Material provided section start

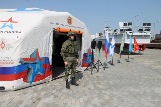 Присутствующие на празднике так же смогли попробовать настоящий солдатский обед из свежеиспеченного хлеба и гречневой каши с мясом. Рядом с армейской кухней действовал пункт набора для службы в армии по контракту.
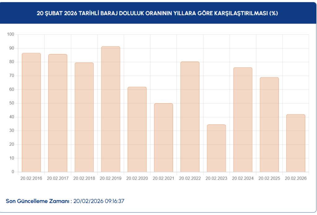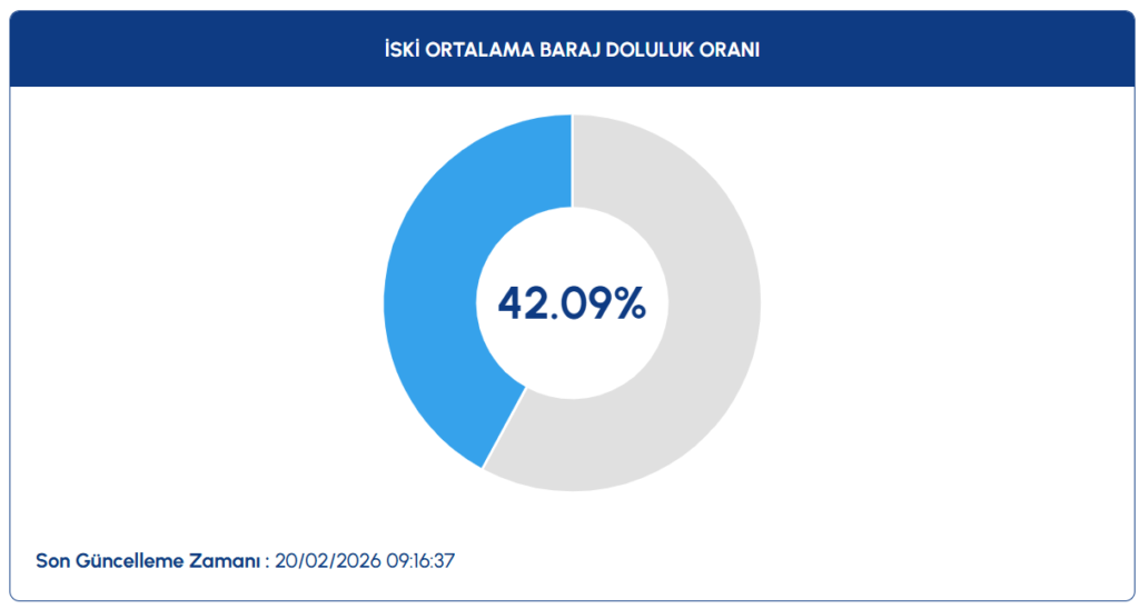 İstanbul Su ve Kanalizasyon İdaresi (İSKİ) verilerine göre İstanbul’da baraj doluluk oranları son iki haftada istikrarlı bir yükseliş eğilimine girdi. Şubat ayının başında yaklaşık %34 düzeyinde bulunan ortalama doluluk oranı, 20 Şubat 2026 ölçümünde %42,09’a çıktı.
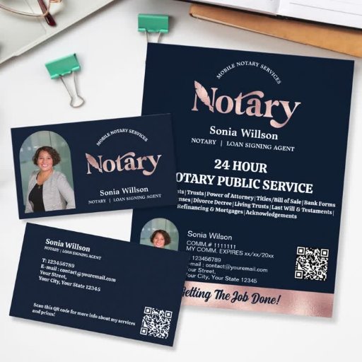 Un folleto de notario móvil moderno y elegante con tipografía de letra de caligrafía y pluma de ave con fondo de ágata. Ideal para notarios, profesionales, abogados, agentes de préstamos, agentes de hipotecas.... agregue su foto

Material provided section end

-- Assignment --
Each line from the one that contains "İstanbul Su ve" to the end of the listing must be quoted exactly; no other line and no picture belongs in the copy.

-- Response area --
 İstanbul Su ve Kanalizasyon İdaresi (İSKİ) verilerine göre İstanbul’da baraj doluluk oranları son iki haftada istikrarlı bir yükseliş eğilimine girdi. Şubat ayının başında yaklaşık %34 düzeyinde bulunan ortalama doluluk oranı, 20 Şubat 2026 ölçümünde %42,09’a çıktı.
 Un folleto de notario móvil moderno y elegante con tipografía de letra de caligrafía y pluma de ave con fondo de ágata. Ideal para notarios, profesionales, abogados, agentes de préstamos, agentes de hipotecas.... agregue su foto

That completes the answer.